Он тут же понял, чего ей стоило перебороть себя, и исполнился невольного уважения к этой слабой и хрупкой девушке. Она являла собой тот идеал, о котором им постоянно твердил Мутфаул. Она смогла превзойти себя, и он стал невольным свидетелем этого чуда. Она поднялась со стула, но тут же вновь рухнула на него в изнеможении, ранимая, одинокая. Как ему хотелось помочь ей! Судя по странному одеянию и по раскрасневшемуся лицу, она только что принимала горячую ванну, усталость же ее больше походила на опьянение. Он мог бы целую вечность любоваться одними ее голыми плечами. Эта девушка потрясла его до глубины души.

Но разве мог бы он приблизиться к ней? Нет-нет, конечно же, об этом не могло идти и речи. Питер Лейк почел за лучшее незаметно покинуть дом и осторожно отступил назад.

Доски пола громко и протяжно заскрипели. Он замер, надеясь на то, что девушка не услышала их скрипа, но было уже поздно. Она подняла глаза и недоуменно уставилась на него, силясь понять, кто мог заявиться к ней в гости в столь ранний час.

Питер Лейк лишился дара речи. Он не имел права находиться в этом доме, он в одно мгновение стал совершенно иным человеком, он не был обучен светским манерам, но он понял, что полюбил эту удивительную девушку.

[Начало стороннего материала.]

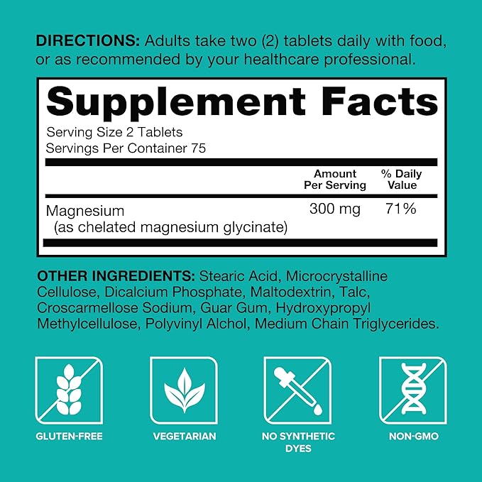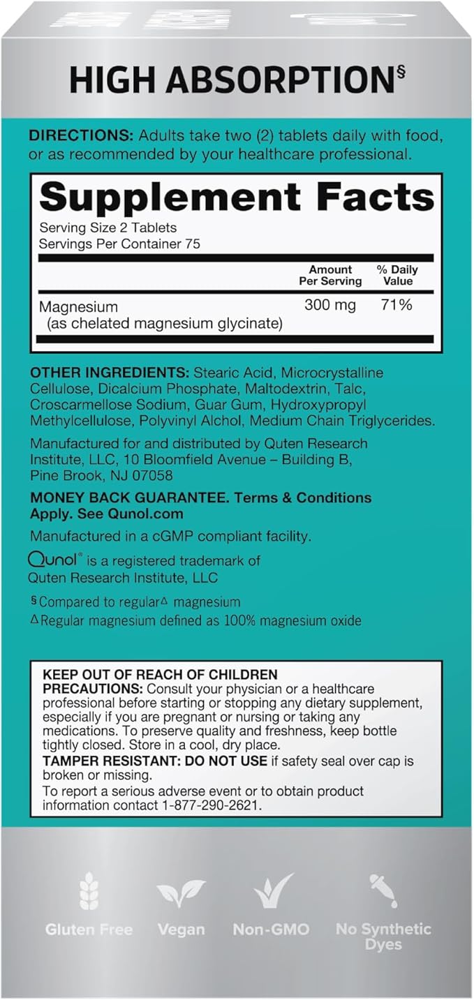 - NO ARTIFICIAL DYES OR FLAVORS - Qunol’s Magnesium Glycinate tablets are free of artificial flavors and dyes and are gluten free, vegan, and non-GMO
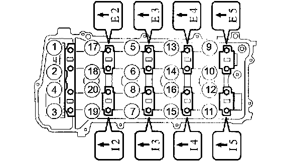 Camshaft bearing Cap No.1 19 Nm (194 kgf-cm, 14 ft. lbs.)
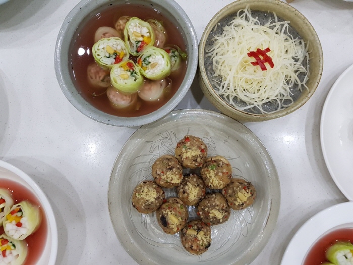 채미원은 일체의 화학조미료를 사용하지 않고 자연재료 고유의 맛을 살려 건강한 먹거리를 제공한다. 채미원의 대표메뉴는 간단하지만 든든한 주물럭 쌈밥, 담백하고 칼칼한 병어·갈치조림, 녹차물과 찰떡 궁합인 굴비구이 등이 있다. 주물럭 쌈밥은 제육볶음이 제공되는데, 간장과 고추장 중에 선택하여 먹을 수 있다. 조림은 2인 이상부터 주문이 가능하다. 이외에도 계절메뉴인 참조기탕, 사전예약이 필수인 오찬정식과 한정식이 있다.
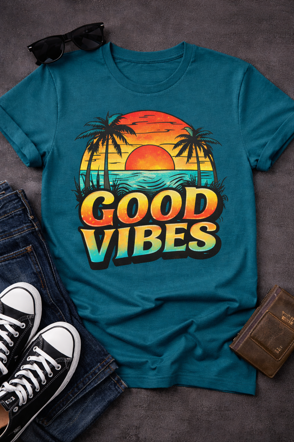 Stay stylish and positive with the Good Vibes Graphic Printed Men’s T-Shirt from Threadly. Designed for comfort and modern fashion, this T-shirt features a vibrant sunset and palm tree graphic that adds a cool, trendy vibe to your wardrobe.
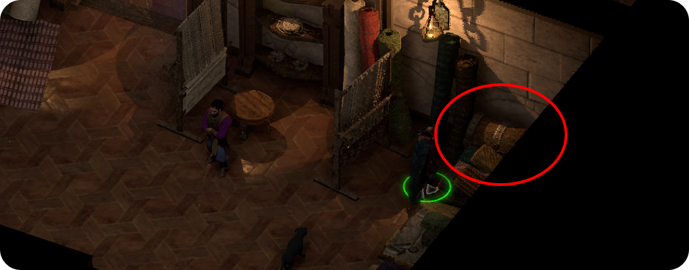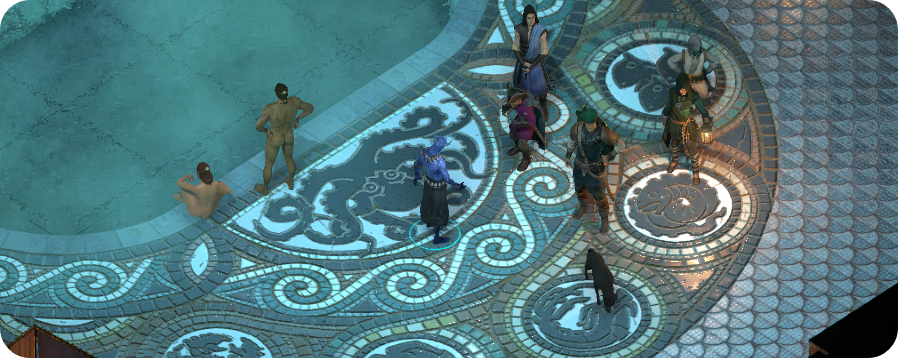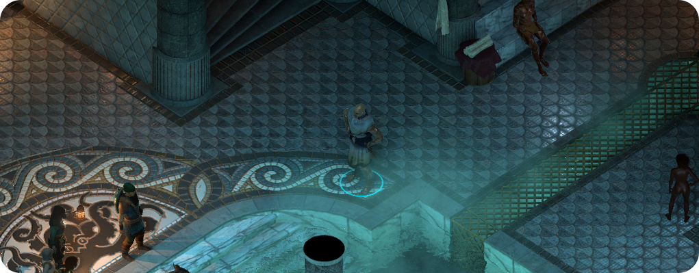 목욕탕 안으로 들어가려면 목욕탕 수행원에게 1000개의 동전을 주거나 간파 4 / 사교술 4 이상이면 900개로 할인받아 들어갈 수 있다.

Он переступил с ноги на ногу, глядя на предательски выдавшую его половицу. Ее скрип походил на писк резиновой детской игрушки. Сгорая от стыда, Питер Лейк растерянно пробормотал:

– Кто б мог подумать, что она заскрипит…

Беверли посмотрела на него с еще большим удивлением:

– Что вы сказали? – спросила она нежным голоском. – Я, признаться, вас не поняла.

– Так, пустяки, ничего особенного, – решительно ответил он.

Она громко рассмеялась. Он ответил ей смущенным смешком. Она прикрыла лицо рукой и, устало вздохнув, усмехнулась вновь, на сей раз куда тише, однако уже в следующий миг уронила голову на руки и беззвучно заплакала. В комнате стало совсем светло. Через какое-то время она взяла себя в руки и, вновь посмотрев ему в глаза, сказала:

– Похоже, я знаю, кто вы такой.

В другой ситуации он почувствовал бы себя оскорбленным, но она, очевидно, совершенно не желала его обидеть. Ему почему-то показалось, что она знает о нем то, чего никогда не знал о себе он сам. Он молча кивнул и неожиданно для себя совершенно успокоился, впервые в жизни почувствовав себя самим собой.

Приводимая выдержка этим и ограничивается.